Love triangle situation- help

I know I’m going to get hate for this, and I’m sorry.

My boyfriend and i are in a tough situation in which we can’t tell anyone we’re dating. Other than my boyfriend I literally have 1 guy friend that I’m close to, and we’re close because he trusted me when he was very depressed and i convinced him not to kill himself. I should’ve noticed at the time but he sort of became dependent on me. He always talks about how worried he is that im going to leave him, and the issue is that I can’t tell whether that’s his genuine anxiety or whether it’s plain manipulation. So I’ve always reassured him that I won’t leave, that he’s a good friend, all that.

It was purely platonic. Until one day he told me he had feelings for me but he did it in a way that I deeply misunderstood. He said “I can picture us getting married one day” and I kinda laughed it off and when he asked if I could see it in my head I just pictured myself in a wedding dress and all that, because of course I can imagine anything. But then he thought I was saying i liked him back.

It probably sounds stupid. But he went from being so terribly depressed to so happy and I got scared that he’d actually kill himself if I told him that’s not actually what I meant.

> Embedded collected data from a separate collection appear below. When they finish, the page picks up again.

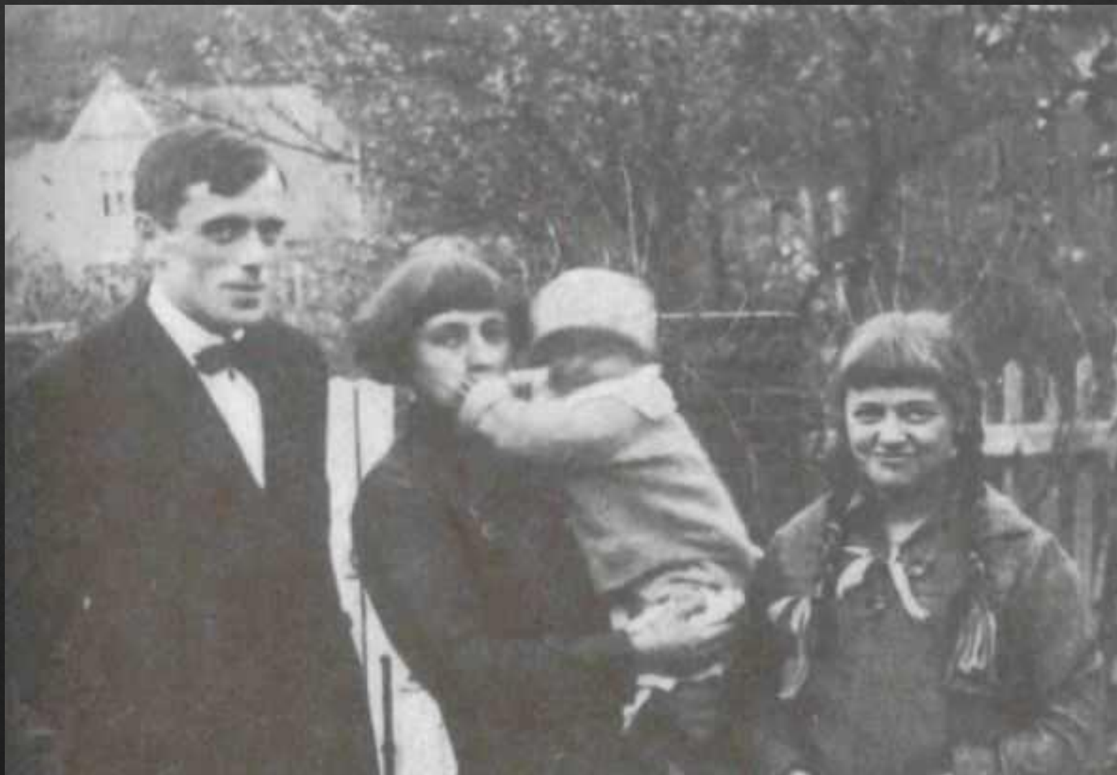
М.И. Цветаева с мужем и детьми. Прага, 1925 г.
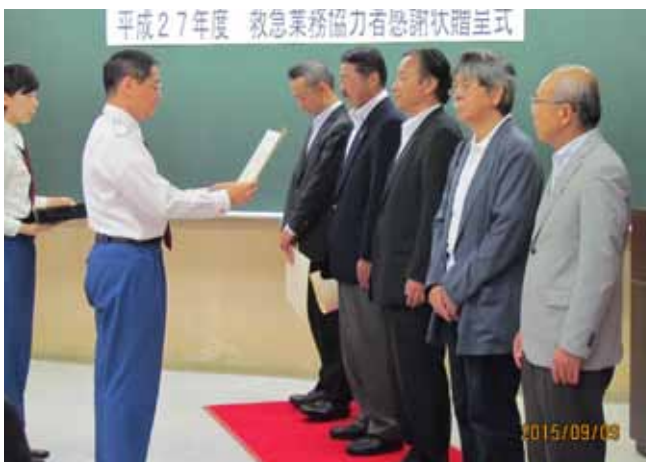
応急救護技術の普及促進に感謝します

玉川法人会では、これからもこうした救命救急活動を実施していきますので、皆様のご参加をお待ちしています。
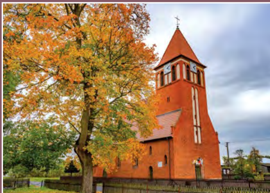
Kościół w Kwiejcach Starych Kirche in Kwiejce Stare
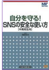
S 07 (22分) 自分を守る! SNSの安全な使い方
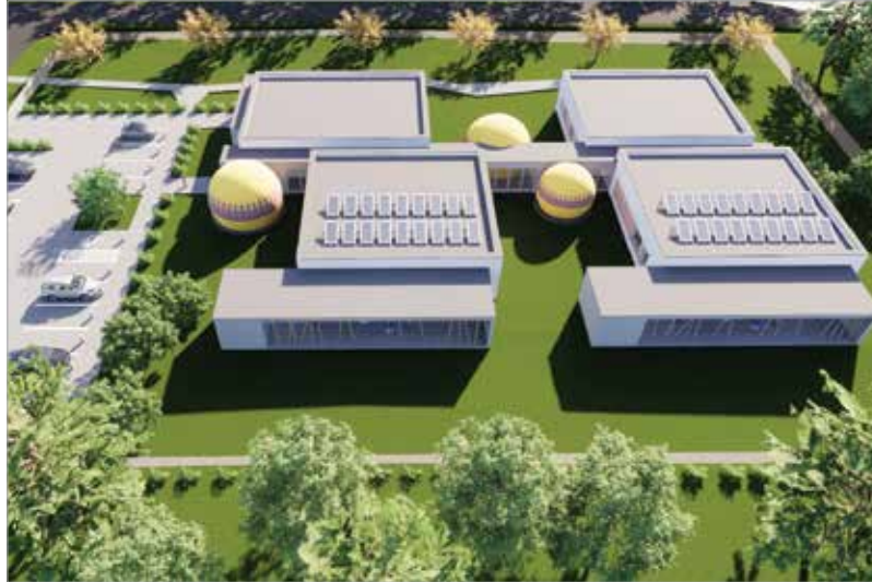
Az új maroshegyi bölcsőde az egyik legkorszerűbb nevelési intézménye lesz a városnak

A közgyűlés elfogadta a helyi közösségi közlekedés díjszabásának módosításáról szóló rendeletet is, így januártól kétszáznyolcvan forintért, azaz egy vonaljegy árért lehet majd havi tanulóberletet váltani Székesfehérváron. A berlet árának drasztikus csökkentésével az önkormányzat arra szeretné ösztönözni a fiatalokat és családjaikat, hogy iskolába járáshoz a saját autó helyett minél többen a közösségi közlekedést használják. Ez a közlekedési problémák és a zsúfoltság enyhítése mellett a családok anyagi terheit is csökkenti, valamint a klímavédelmet is szolgálja. Székesfehérvár polgármeste-
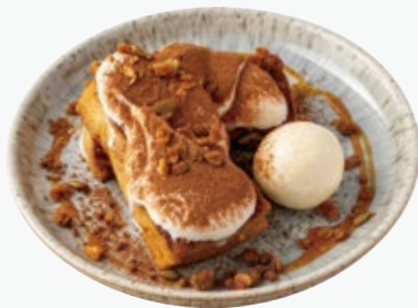
ティラミスの フレンチトースト 1540 TIRAMISU FRENCH TOAST

アレルギー：くるみ、小麦、卵、乳 Allergens : walnuts, wheat, eggs, dairy
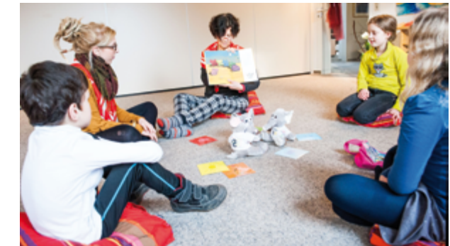
Kindertrauergruppe Café Achterbahn

Die Malteser bitten um Anmeldung unter ☎ 603 30 01.
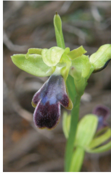
- 21 -
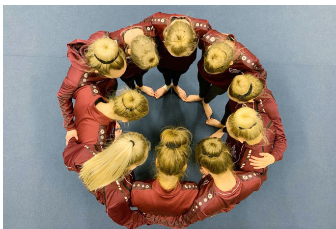
Stjójum Selfyssinga til sigurs.

Við viljum hvetja alla til að mæta á mótið á laugardaginn
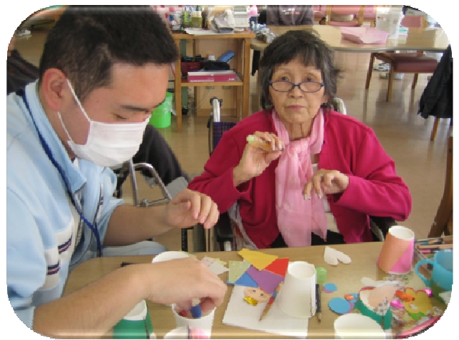
★手先がとっても器用！

And so i didn’t tell him.....

I know it’s wrong. I love my boyfriend more than anything and this eats at me every night and every day. I need to find a way to tell my friend that it was either a misunderstanding or that “I don’t have feelings anymore” and then get out of that relationship completely. I don’t know how out of my fear of knowing I’m responsible for someone’s death.

I don’t know.

Please give me any advice. And if you have something hateful to say, I’ve already said it to myself so just please try and keep scrolling.